53 00:07:17.670 ⇒ 00:07:29.429 Kaela Gallagher: Yeah, in terms of what we’re looking for on the AI side, so definitely somebody that’s, like, really passionate about AI is important to us, because it’s always changing, and we’re always learning and adopting new things.
54 00:07:29.450 ⇒ 00:07:45.549 Kaela Gallagher: Because we are a consultancy and we work with clients, communication is super important to us, somebody that can hop on calls with clients, understand needs, and communicate, really technical concepts in a way that makes sense. Yeah.
55 00:07:45.760 ⇒ 00:08:00.859 Kaela Gallagher: And then we would probably have you on, like, two to three clients at a time, so being able to contact switch and kind of move back and forth easily is really important to us, too. Right now, we’re fully remote as a company, but
56 00:08:00.860 ⇒ 00:08:08.150 Kaela Gallagher: Our CEO is based in Austin, so we would love to have an engineer in Austin.
57 00:08:08.510 ⇒ 00:08:11.100 Kaela Gallagher: Just for occasional, like, in-person meetups.
58 00:08:11.240 ⇒ 00:08:12.250 Kaela Gallagher: Yep.
59 00:08:12.920 ⇒ 00:08:17.969 Kaela Gallagher: And yeah, that’s kind of the overview. Any other questions that I can help answer?
60 00:08:18.170 ⇒ 00:08:28.230 Indu Gaddam: So, can I know, like, so what will be the process of this, interview, and can I expect the next call? So, yeah.
61 00:08:28.490 ⇒ 00:08:42.699 Kaela Gallagher: Yeah, so the process will be 3 steps after this. One is kind of an intro and overview of your experience. The second is more technical. No, like, live coding or anything, but really diving into technical concepts.
62 00:08:42.700 ⇒ 00:08:53.869 Kaela Gallagher: And then the third one, we would give you a take-home challenge ahead of the panel, and you would bring a solution to the panel and present it like you were to, a client.
63 00:08:53.870 ⇒ 00:09:07.849 Kaela Gallagher: So, that’s the overview of our process. For each round, we would send, like, a booking link to you, so, the quicker you schedule those, then the quicker we can move along.

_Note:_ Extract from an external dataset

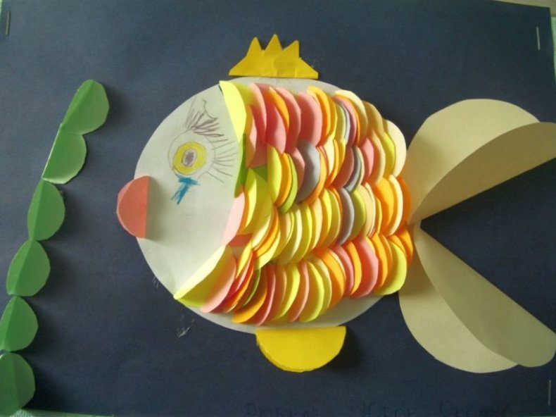 - Разломайте спичку пополам и приклейте компактную бумажную рыбку любого цвета. Пока эту деталь откладываем в сторону.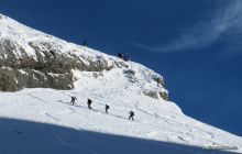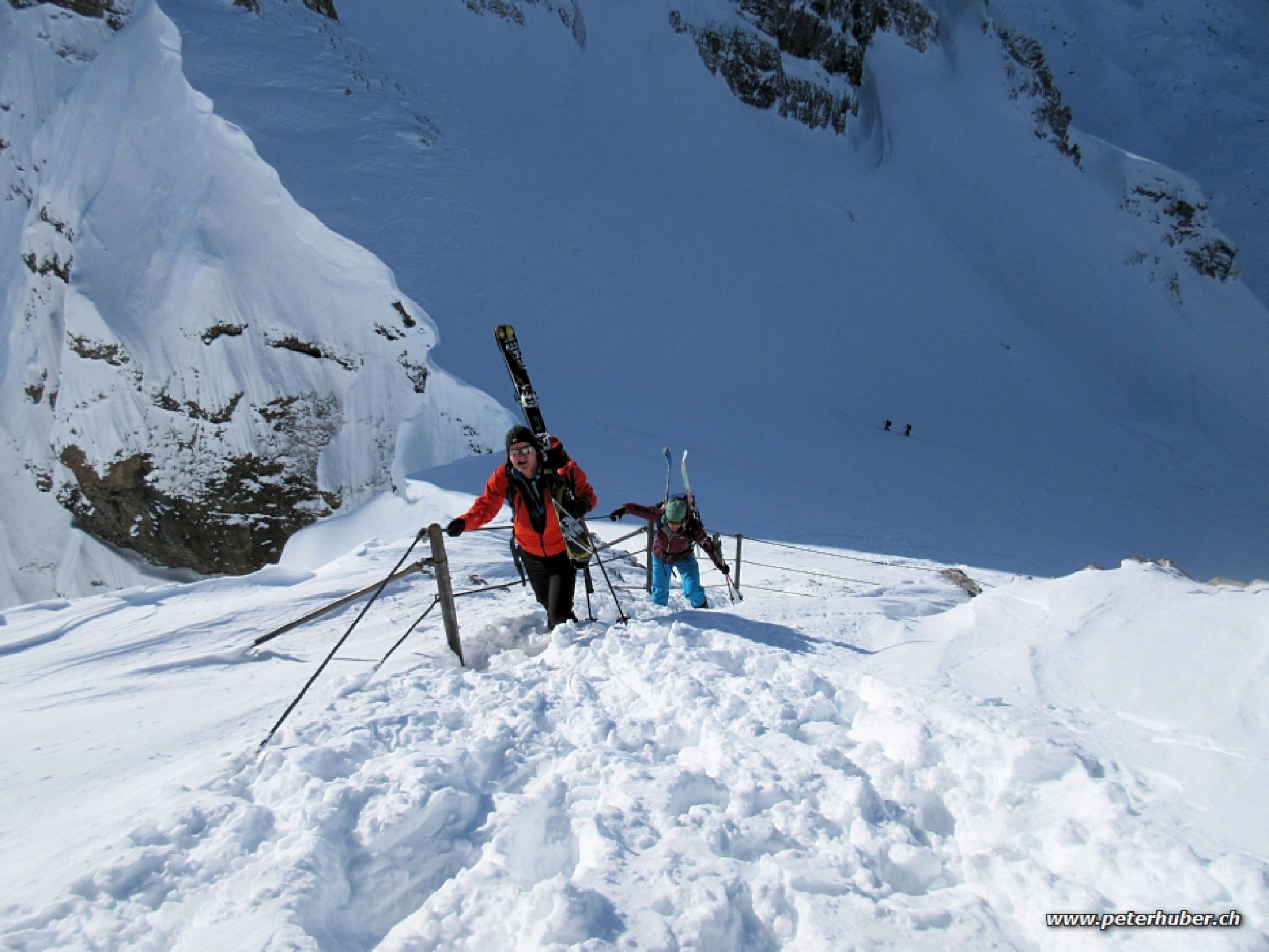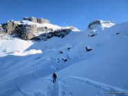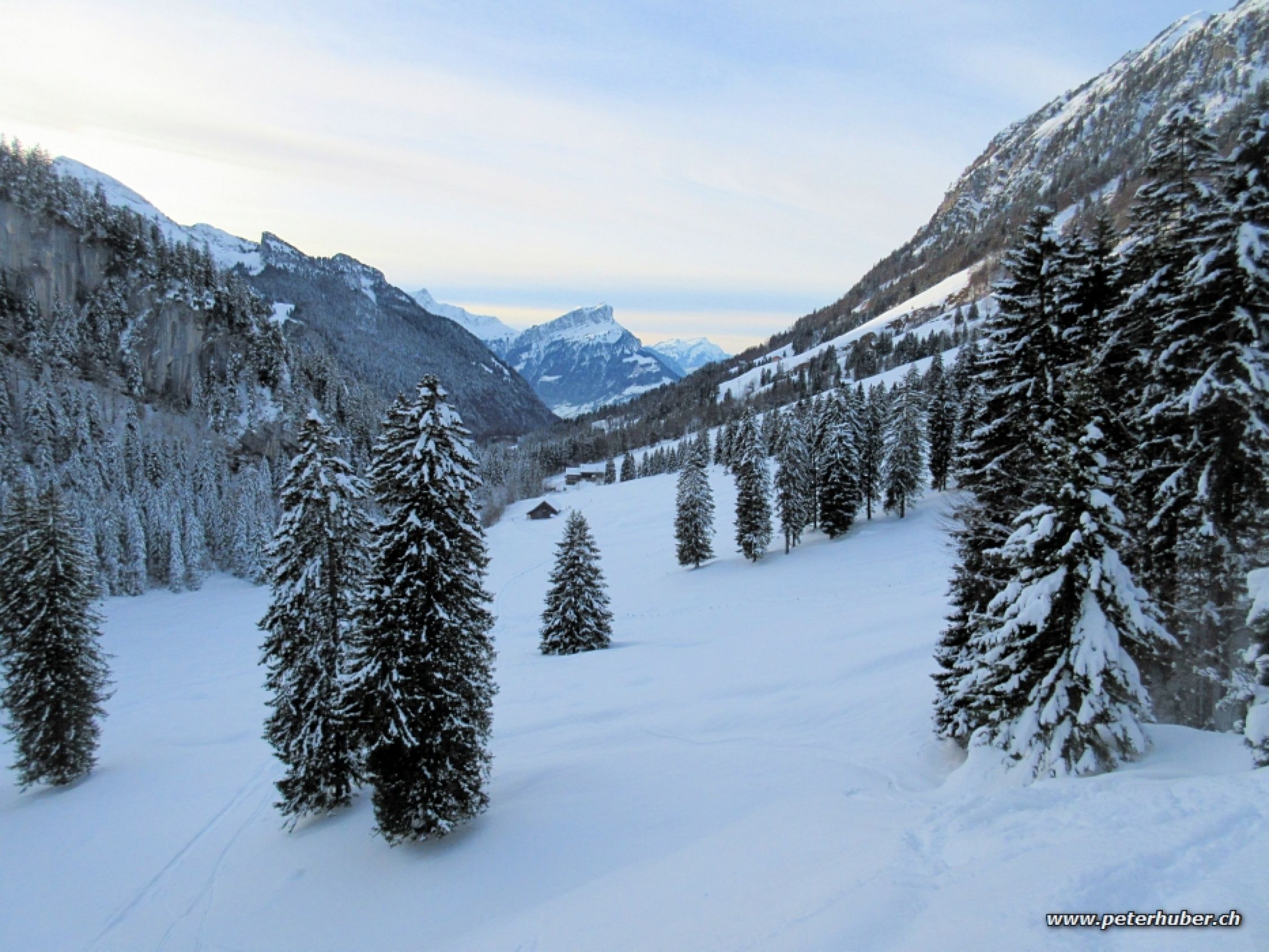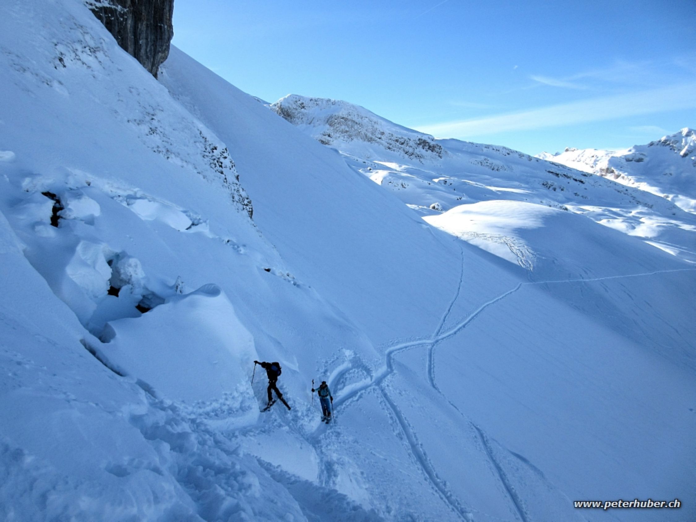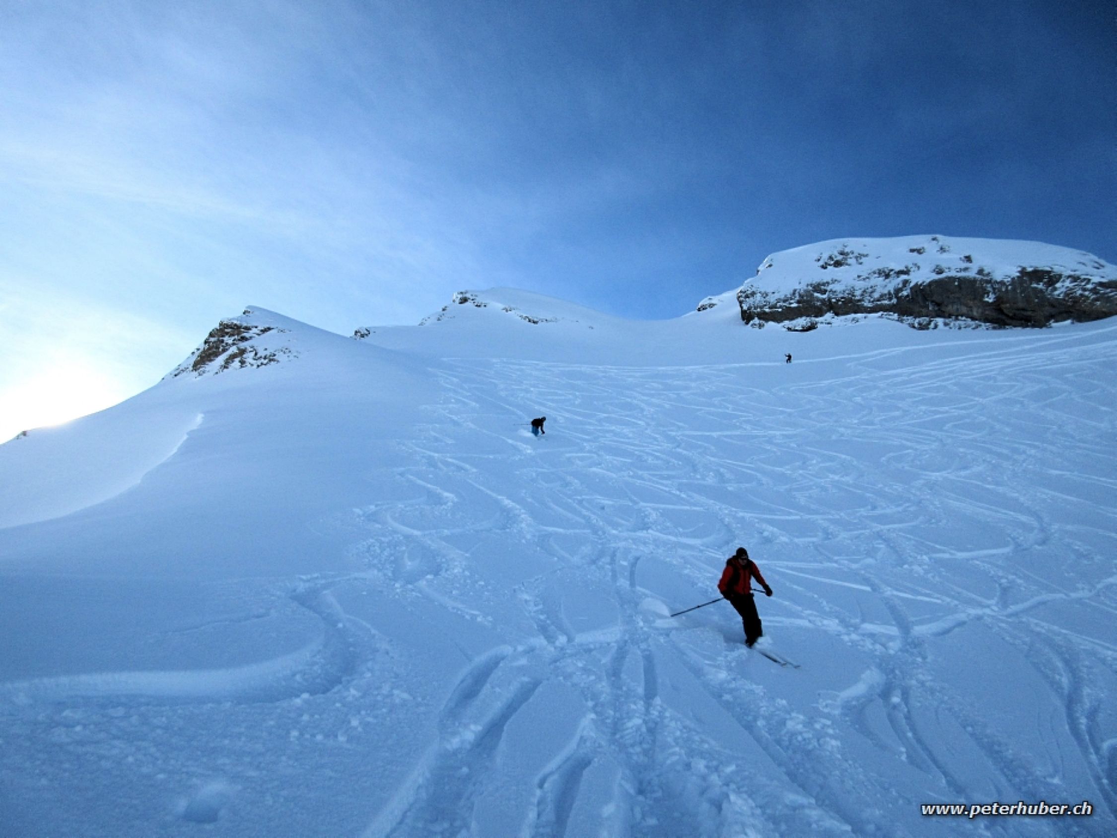 Abfahrt: Via Alpeli zur Suterlishütte und Wiederaufstieg auf die Höchi. Traumhafter Pulverschnee, meist noch unverspurt. Im obersten Teil stellenweise windgepresst. Ab der Mitte sensationell. Auch die Abfahrt von der Höchi auf gut angelegter Spur sehr gut zu fahren und dann zu unterst noch ein paar schöne Hänge.

64 00:09:07.930 ⇒ 00:09:21.639 Kaela Gallagher: And then in terms of feedback, I have quite a few calls over the next few days, so I would say you can probably hear back from me, like, early next week on, next steps and if we’re moving forward.
65 00:09:22.130 ⇒ 00:09:23.560 Indu Gaddam: Sure, thank you.
66 00:09:23.560 ⇒ 00:09:27.840 Kaela Gallagher: Okay, okay, awesome. Yeah, any other questions that I can help answer?
67 00:09:27.840 ⇒ 00:09:30.129 Indu Gaddam: I think I’m good, thank you.
68 00:09:30.360 ⇒ 00:09:35.569 Kaela Gallagher: Okay, alright, awesome. Well, thanks so much for your time today, I appreciate it. It was great meeting you.
69 00:09:36.110 ⇒ 00:09:38.330 Indu Gaddam: You too. Alrighty, a good one.
70 00:09:38.330 ⇒ 00:09:39.870 Kaela Gallagher: You too. Bye.